Path = (@__DIR__) * "/" * name_model * ".engee"
if name_model in [m.name for m in engee.get_all_models()] # Checking the condition for loading a model into the kernel
model = engee.open( name_model ) # Open the model
model_output = engee.run( model, verbose=true ); # Launch the model
else
model = engee.load( Path, force=true ) # Upload a model
model_output = engee.run( model, verbose=true ); # Launch the model
engee.close( name_model, force=true ); # Close the model
end
sleep(1)
Let's visualize the results of our model and summarize the results.
println("SNR: $snr dB")
println()
ber = ((collect(BER)).value)[end]
println("Total bits: $(Int(ber[3]))")
println("Number of errors: $(Int(ber[2]))")
println("BER: $(round(ber[1], digits=2))")
inp = plot(framestyle=:none, grid=false, title = "Entrance")
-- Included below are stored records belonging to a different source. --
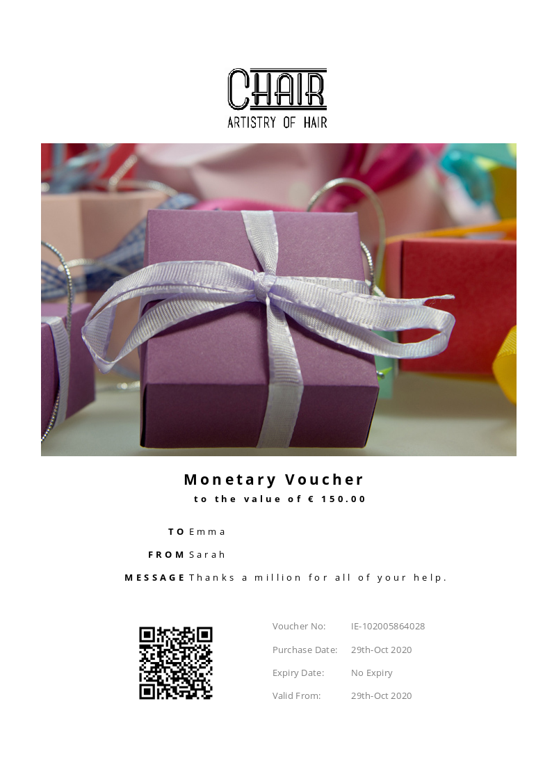 Chair Artistry of Hair allows you to purchase instantly printable gift vouchers, special offers and tickets using the Voucher Connect platform.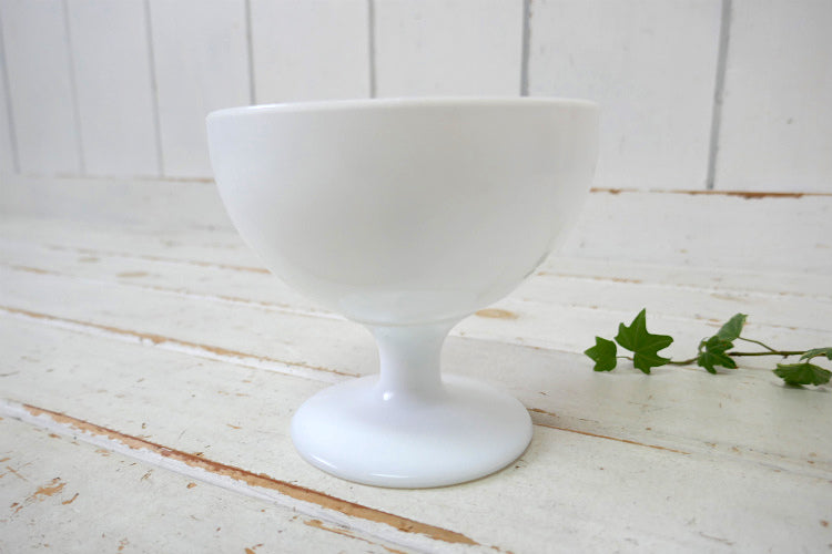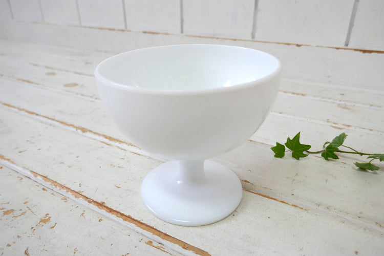 シンプルな脚付き 白色ミルクガラス製の丸いボウル シンプル可愛い素敵なデザインです。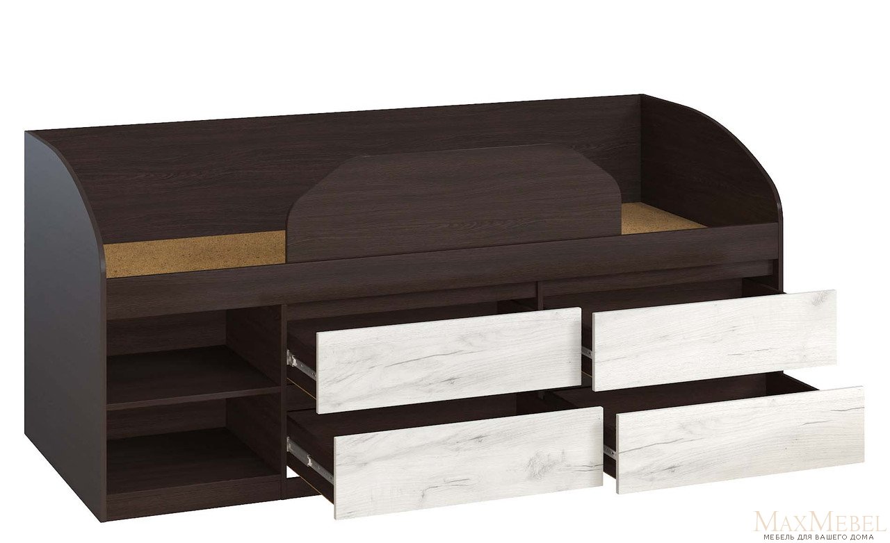 Главная › Модульная мебель › Мастер-Форм › Брайт › Кровать "Брайт" с детским ограничителем 835x2032x840 . Венге магия/дуб крафт белый (правостороняя) |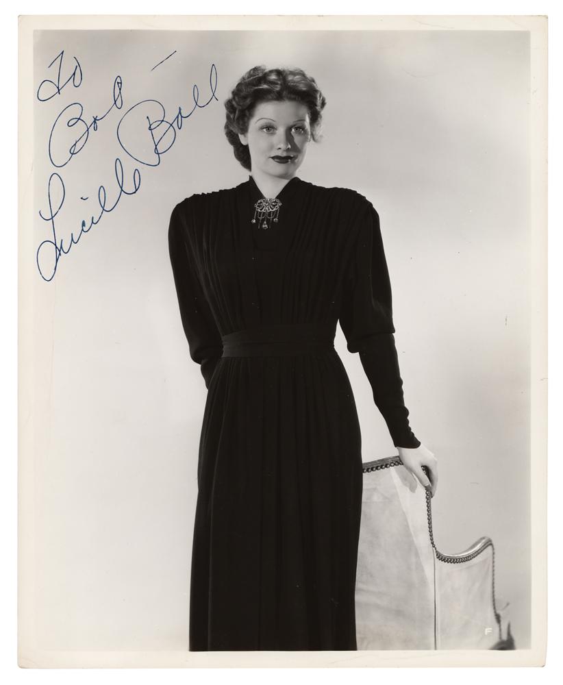 Vintage glossy 8 x 10 1938 RKO publicity photo by Ernest A. Bachrach, picturing a young Ball in an early and elegant pose, signed and inscribed in fountain pen, "To Bob—Lucille Ball." Reverse bears an RKO and Bachrach copyright stamp. In very good to fine condition, with scattered small creases, and a vertical crease just touching the first letter of the signature. A lovely and uncommonly early example of the future television superstar.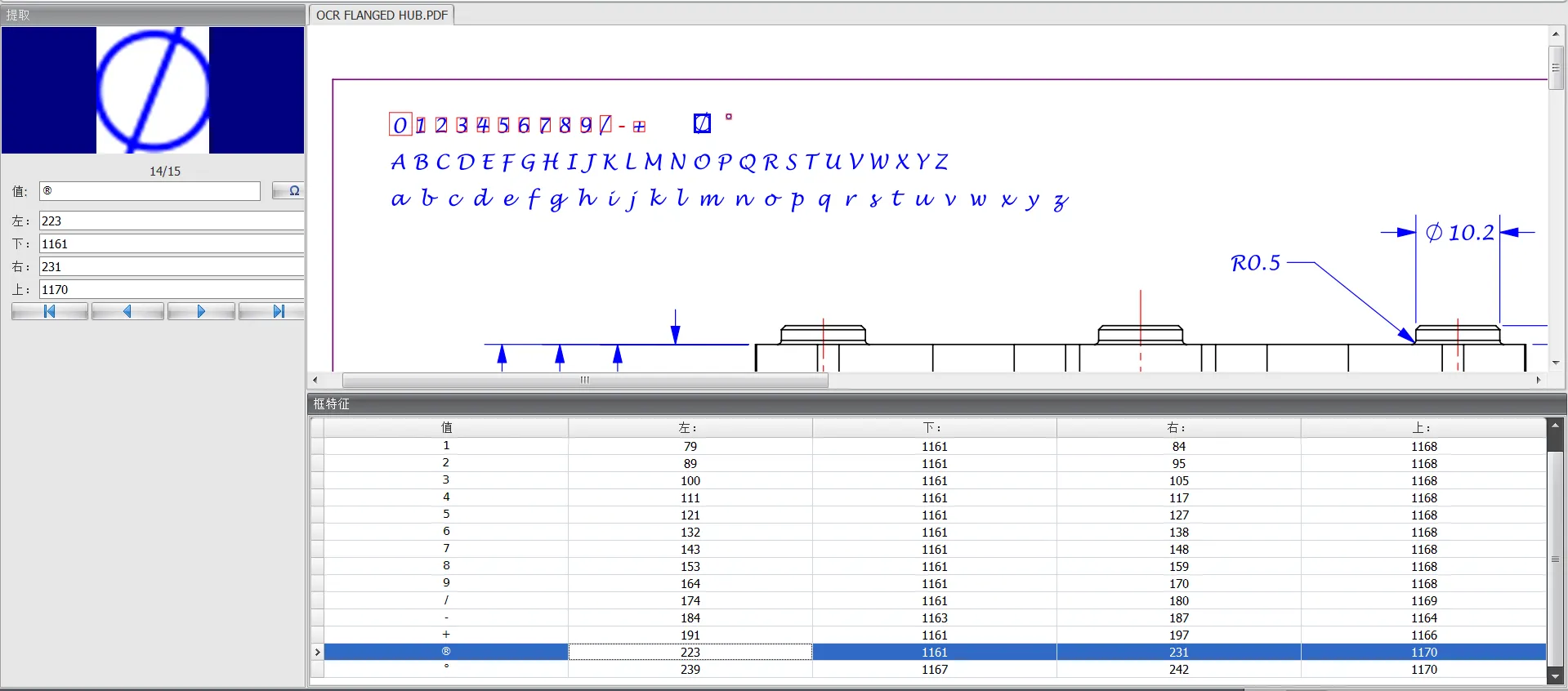当Inspection提供的词典字体不能满足我们的工作需求时,可以使用OCR编辑器来创建自定义词典。OCR编辑器可以让用户从已有的PDF和TIFF文档生成自定义的词典,通过框选特征然后指定我们期望的值实现。
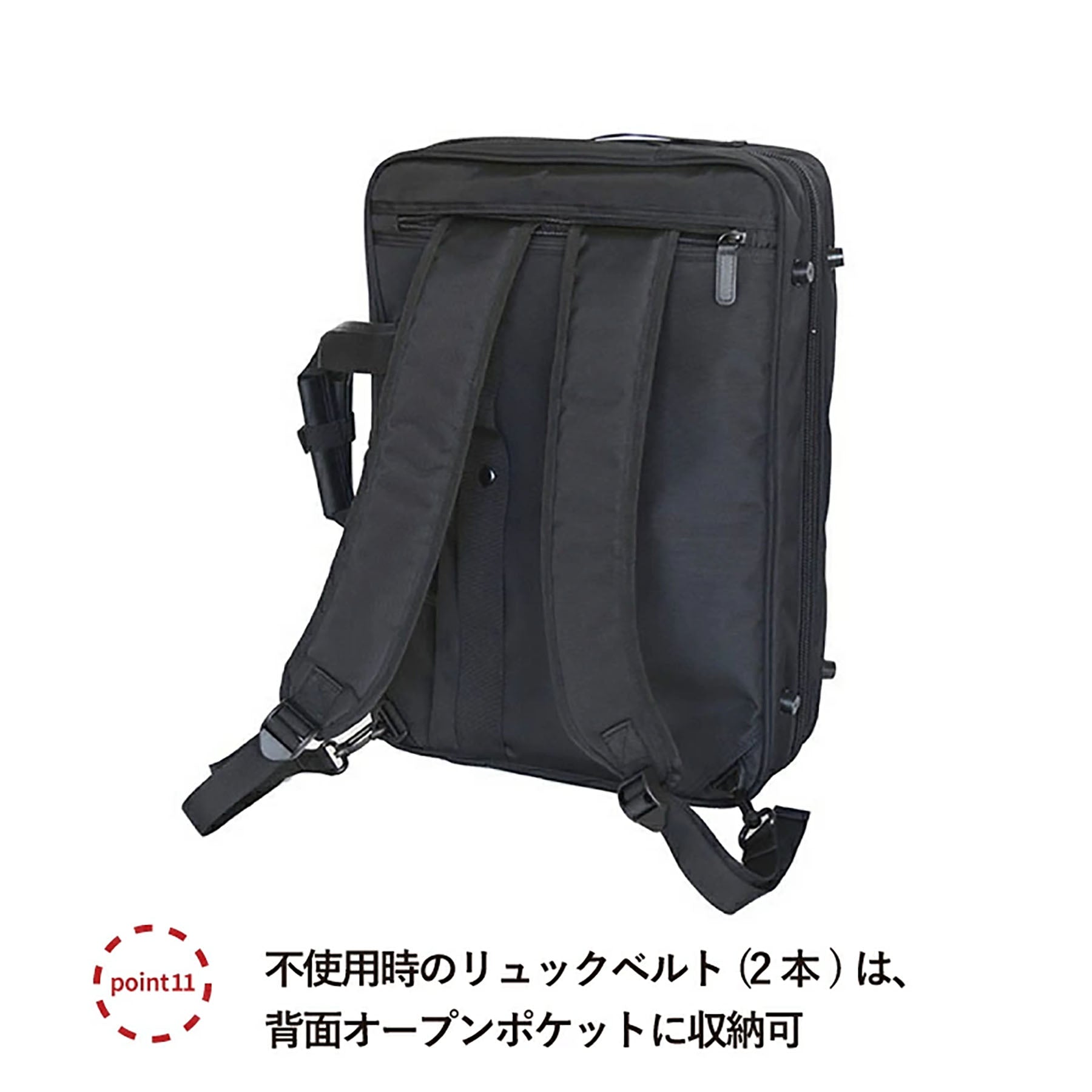 バッグ外:ファスナーポケット×3 バッグ内:オープンポケット×4、PCポケット×1、ペン差し×2、メッシュポケット×3、ファスナーポケット×1 |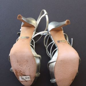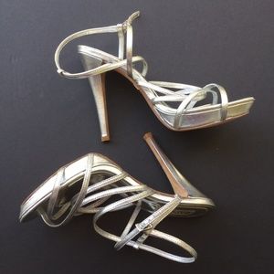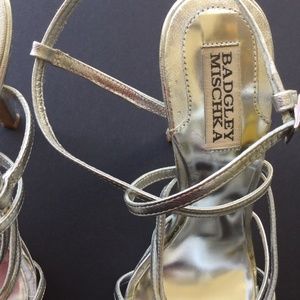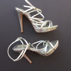 Badgley Mischka FIERCE Strappy Silver platform sandals heels women’s Size 7M Retail-$175 Condition is Pre-owned. worn & used little, but still in good condition. Perfect for any evening event, these shimmering metallic pumps are the perfect accessory. Designed in a strappy silhouette with a platform and covered heel. Leather upper, lining & sole. Heel height 4.5”. Covered heel. see pictures. Price is firm.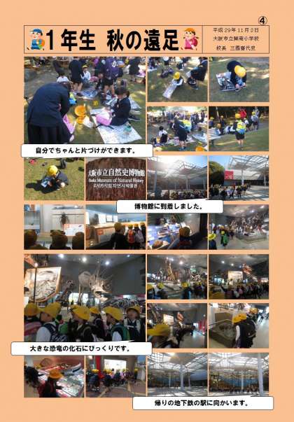 大阪市自然史博物館では、大きな恐竜の化石を見てびっくりしていました。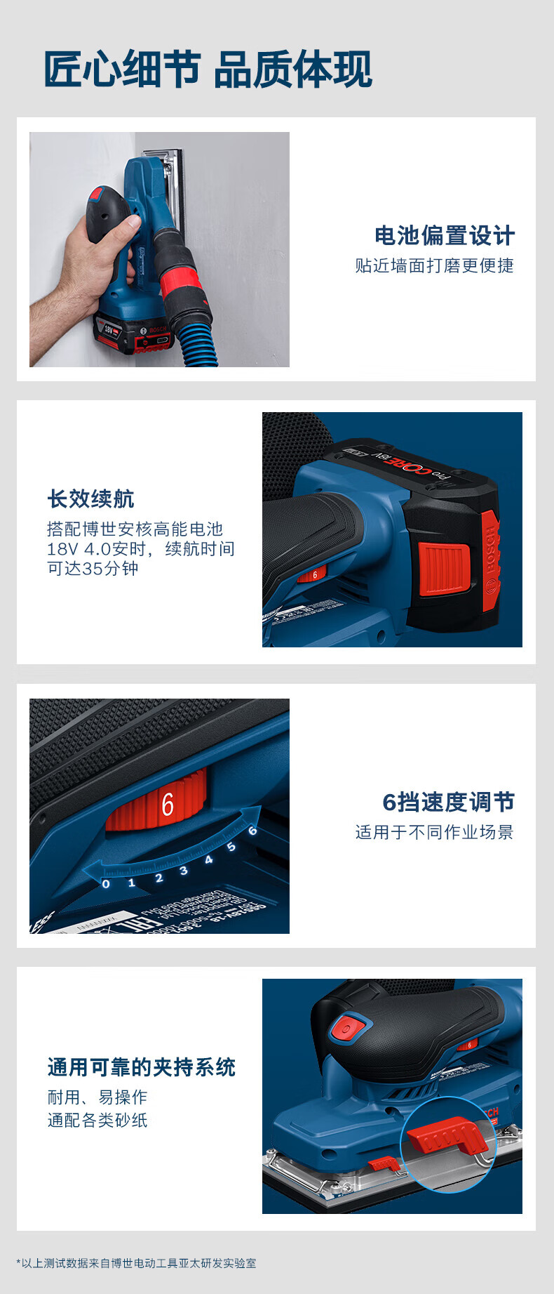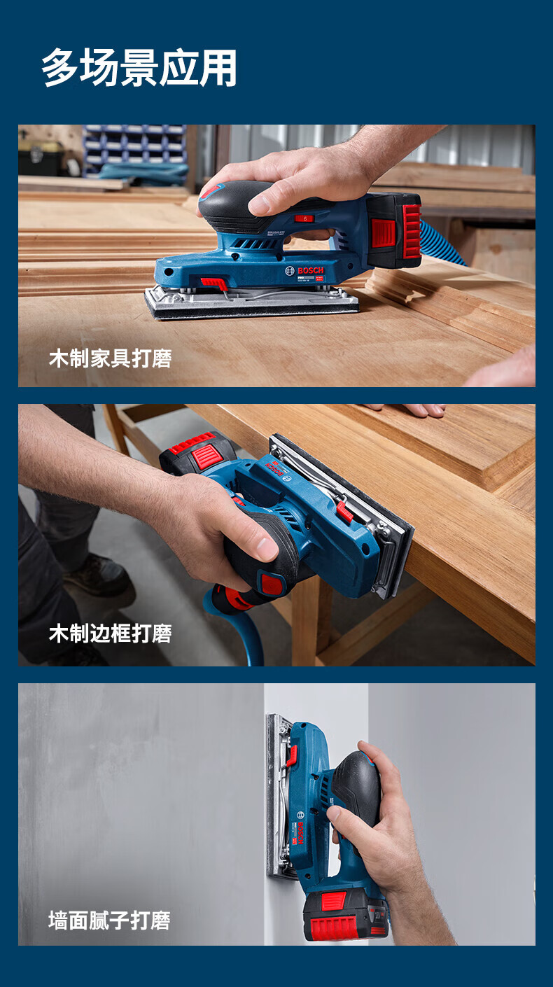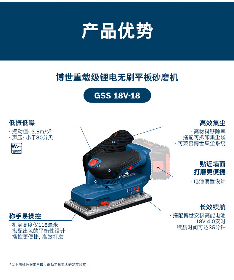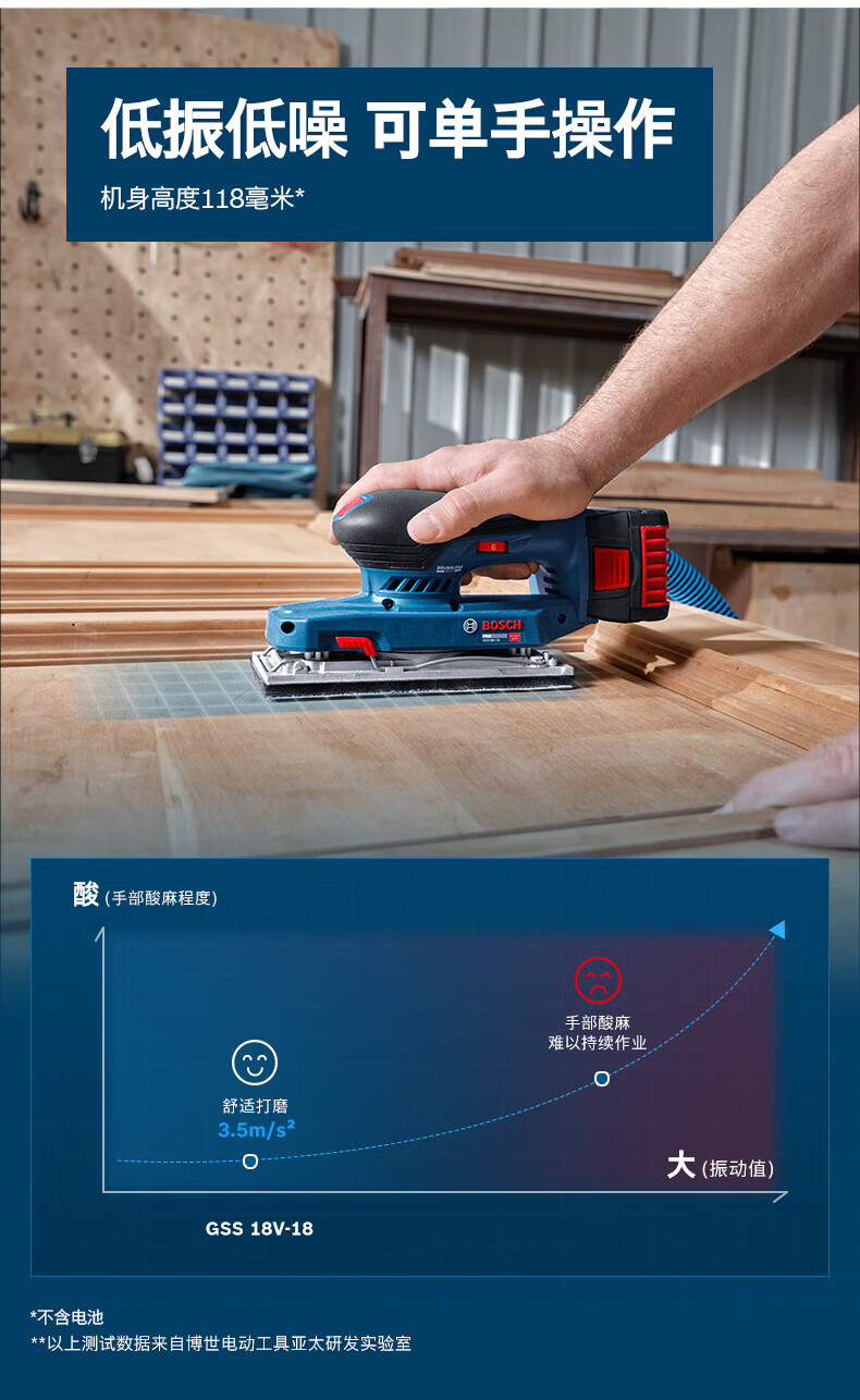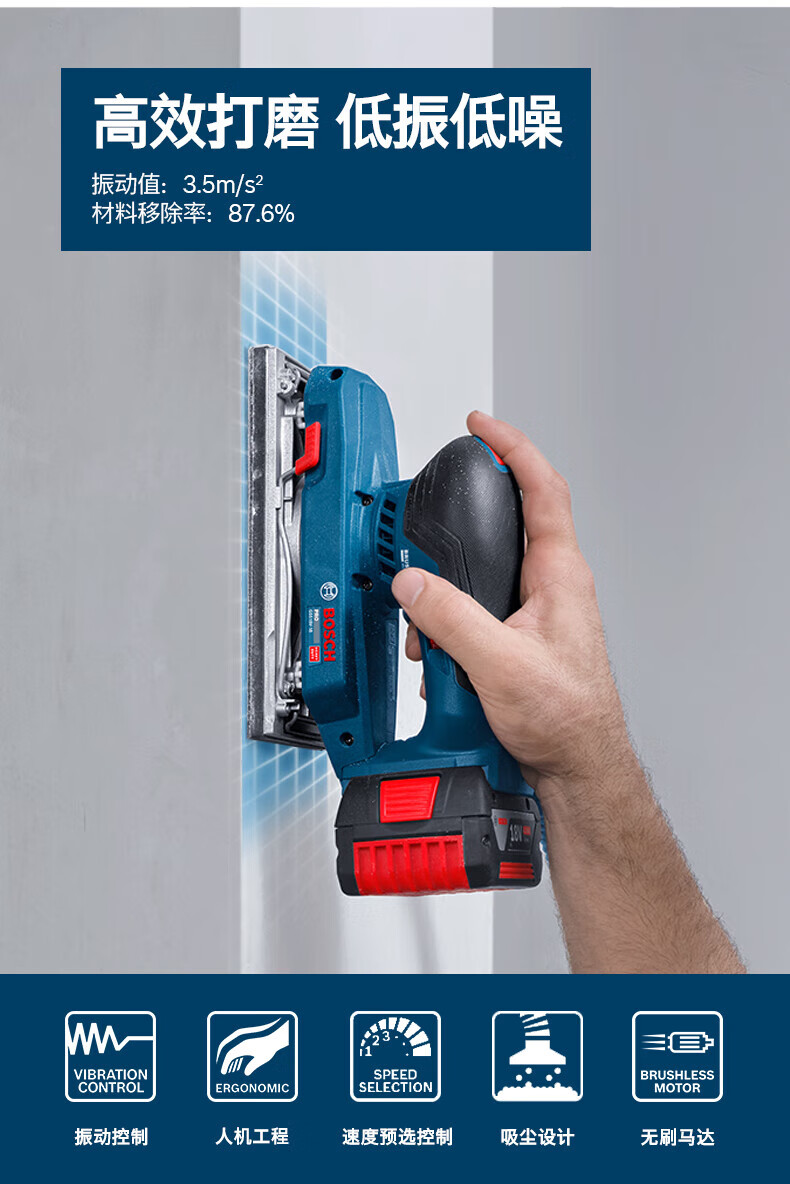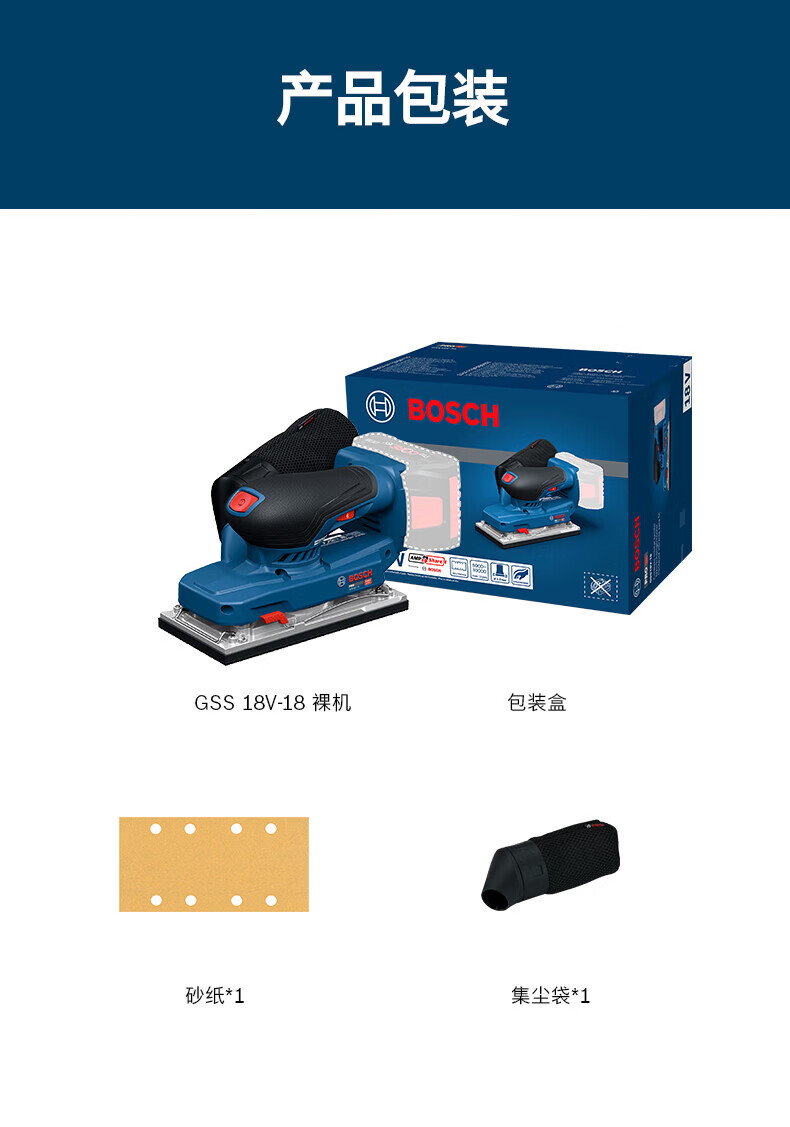 博世(BOSCH)重载级锂电无刷平板砂磨机充电砂纸机木工抛光墙面腻子GSS 18V-18 GSS 18V-18裸机【无电池/充电器】

heatmap!( 1:S[2], 1:S[1], permutedims(inp_img, (2, 1)), colorbar=false)
sim_img = imrotate(colorview(Gray, ((collect(img_FM))[3,:].value)), deg2rad(-90))
sim = plot(framestyle=:none, grid=false, title = "Exit")
heatmap!( 1:size(sim_img, 2), 1:size(sim_img, 1), permutedims(sim_img, (2, 1)), colorbar=false)
sim_error = (collect(error_sim)).value
Average_error = round(sum(abs.(sim_error))/length(sim_error)*100, digits=2)
err = plot(sim_error, title = "The average error is $Average_error % ")
plot(plot(inp, sim), err, layout = grid(2, 1, heights=[0.7, 0.3]), legend=false)
As can be seen from the simulation results, we get good BER values at the output. If we take a closer look at the interleaving and scrambling settings, we can get an even better picture quality. For these purposes, you are provided with a second script SSTV_test. There is no superfluous description in it, but only the code of this project is given.
Conclusion
In this example, we examined the modeling capabilities of the slow-scan television-based image transmission protocol in Engee, and also explored many tools that allow us to perform such projects in Engee. As you can see from our example, Engee has all the necessary functions and tools for these models, and they work correctly.